The order of the strings will be based on the input provided by the user (the order of chromosomes in the bam file).

The code below works to sort on String and position, omitting parts I believe to be unnecessary. I also implement PartialOrd, PartialEq and Eq. In the actual code I then call genotypes_vec.sort_unstable() to get a sorted vector.

struct Genotype {
    chrom: String,
    position: u32,

}

impl Ord for Genotype {
    fn cmp(&self, other: &Self) -> Ordering {
        (self.chrom.clone(), &self.position, ).cmp(&(
            other.chrom.clone(),
            &other.position,
        ))

Now this will sort strings/chromosomes as chr1, chr10, chr2 (alphabetical sort), while the desired order would be chr1, chr2, chr10. Therefore note that a satisfying solution would also be a natural sort of strings, but I haven't been able to implement that either. I found https://docs.rs/human-sort/latest/human_sort/, but I am not sure how to apply that sort for the strings, while still sorting for the position if self.chrom == other.chrom

The code below does not entirely match the requirements, as I cannot find a way to pass the desired order of strings to the cmp() function - it only accepts two arguments

impl Ord for Genotype {
    fn cmp(&self, other: &Self, chrom_order: Vec<String>) -> Ordering {
        let chrom_order = vec!["chr1".to_string(), "chr10".to_string()];
        let chrom_test = chrom_order
            .iter()
            .position(|x| x == &self.chrom)
            .unwrap()
            .cmp(&chrom_order.iter().position(|x| x == &other.chrom).unwrap());
        if chrom_test == Ordering::Equal {
            // If same chromosome
            return self.start.cmp(&other.start);
        }
        chrom_test
    }
}
method `cmp` has 3 parameters but the declaration in trait `std::cmp::Ord::cmp` has 2
`cmp` from trait: `fn(&Self, &Self) -> std::cmp::Ordering`rustcE0050

Generating the chrom_order on the fly every time cmp() is called seems undesirable too, and probably also wouldn't work - as that would also require passing arguments.


Solution

  • cmp and human_sort::compare both return an Ordering. The standard library provides composition methods for Ordering.

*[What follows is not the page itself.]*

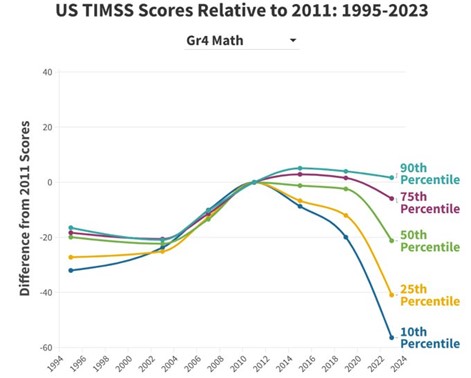 На инфографике – данные по США: результаты тестов IQ молодых американцев значительно снизились с начала 2010-х гг., причём наиболее резкое падение показывают ученики и так с самыми низкими результатами – т. е. на Западе наиболее интенсивно глупеет молодёжь из неблагополучных семей. Как следствие, в некоторых исследованиях уже вбрасывается мысль, что хотят учиться сейчас лишь выходцы с Востока – из Азии (китайцы, корейцы, японцы, вьетнамцы и т. п.), и поэтому развитым странам Запада имеет смысл охотиться лишь за мигрантами из этого макрорегиона.

    So you should be able to write something like:

    human_sort::compare(&self.chrom, &other.chrom)
        .then(self.position.cmp(&other.position))
    

    That will order the entries based on their chrom and break tie based on position.

    Though you also need to derive PartialEq and Eq, and implement PartialOrd (a trivial implementation works fine but a derivation I don't think does).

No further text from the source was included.